My readers' views on this question will be the most
valid, but mine begins with the observation that I do not anoint myself a
spokescreature for women or people of Color. Then what business have I writing
this book? Kincheloe (1991) points out that we walk a tightrope between
declaring our analyses and refraining from speaking for the oppressed. Is it
enough to be aware of what Foucault labels the indignity of speaking for the
oppressed? First, I maintain that demonizing the heretofore-deified White male
is not the answer; it tilts the ship of culture too far the other way. Lather
continues, “. . . to write `postmodern' is to write paradoxically aware of
one's complicity in that which one critiques. . . . [J]ust getting on with it
may be the most radical action one can make.” I observe that we all have the
same three choices. We can speak favorably of oppression. We can be silent,
which in a culture of prejudice is a vote for prejudice. Or we can speak out
against oppression. I opt to speak out. My thesis is that the oppression of one
group by another is bad for both. I am tired not only of the oppression to which
women are subjected; I am also tired of my fellow men dropping dead a decade earlier than women from the stress of oppressing them.
The need for
this book came to me one day when I was presenting a paper to an ethnically
mixed audience of about 150 classroom teachers (three of whom were men). I
discussed themes of oppression, empowerment, and emancipation. The handful who
walked out when I linked oppression to religion indicated that I was striking a
nerve. More importantly I was struck in mid-presentation by the awareness that
some of my audience were hearing these ideas for the first time. Their responses
when I finished confirmed this. A number of Latin and African American women,
one White woman, one woman who identified herself as Native American, and one of
the three men approached the podium to thank me. As I later assembled the
content of this book, testing and retesting my motives, including this thought
and rejecting that one, I realized that I was writing to this audience. I
realized that I, a White male, could contribute to their emancipation.
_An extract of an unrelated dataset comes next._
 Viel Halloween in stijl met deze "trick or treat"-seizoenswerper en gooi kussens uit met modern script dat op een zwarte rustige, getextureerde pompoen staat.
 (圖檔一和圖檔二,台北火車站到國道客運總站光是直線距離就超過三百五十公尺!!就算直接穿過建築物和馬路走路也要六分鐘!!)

I choose a subjective voice because I believe the
objective voice is a Rationalist myth. This myth, heralded for so long as the
only appropriate academic voice, is no voice at all. It poorly serves the radical
emancipatory struggle. The objective voice is simply another means by which H. L.
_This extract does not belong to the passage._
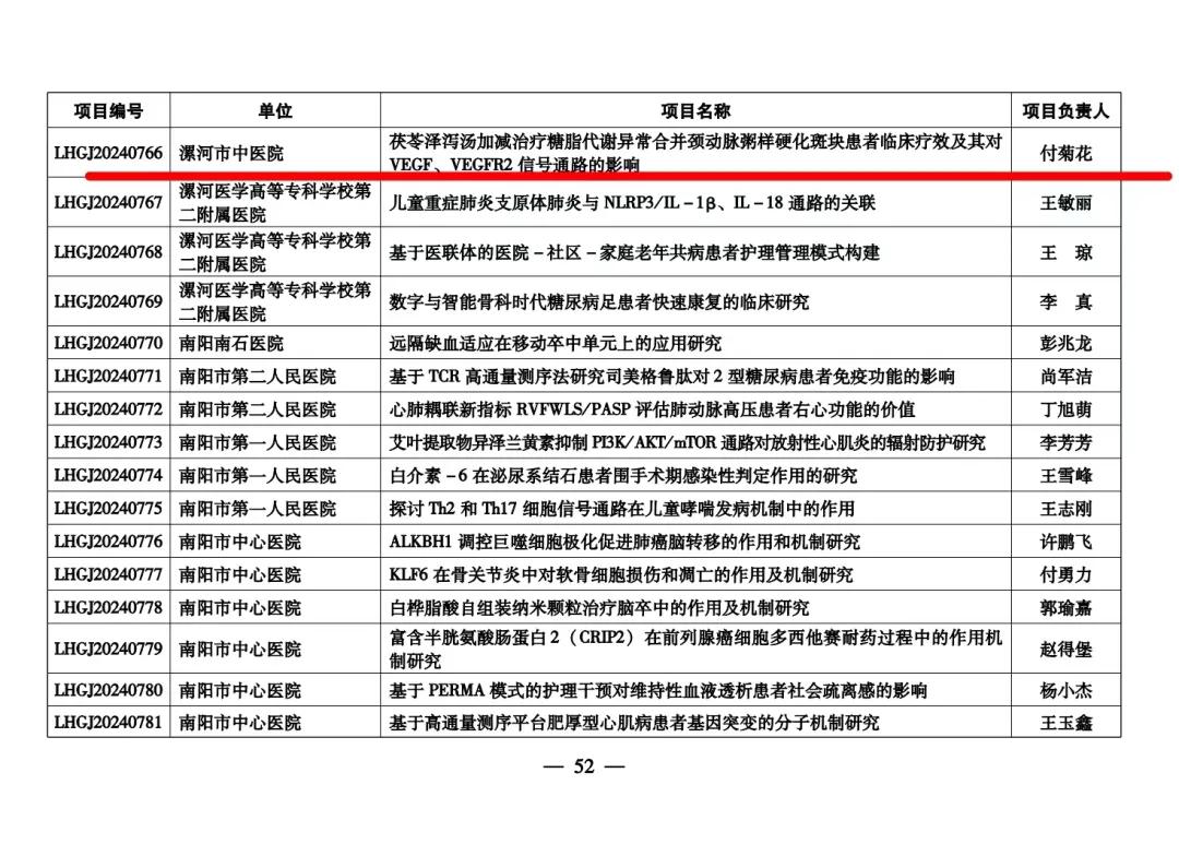 近日,河南省衛(wèi)健委發(fā)布了《關(guān)于印發(fā)2024年度河南省醫(yī)學科技攻關(guān)計劃聯(lián)合共建和軟科學項目立項名單的通知》,漯河市中醫(yī)院作為主持單位,共有1個項目獲得立項,此次為醫(yī)院在該類項目申報中首次獲得立項,這是繼醫(yī)院博士創(chuàng)新實踐基地獲批以來,科技研發(fā)的又一新突破。

Mencken's “booboisie” have made us shut up. I do not wish to assume the role
of spokesperson for demographic groups, either marginalized or mainstream, but
rather to contribute to the emancipation of us all.
Riding
shotgun with my anger, careening on the bouncing buckboard of civilization, is
my hope. If hominids emerged three million years ago, and fully developed humans
100,000 years ago, then civilization, at only 6000 years old, is an infant. One
could argue that we have done well in such short time. So my anger is
contextualized to the present. We're going to make it.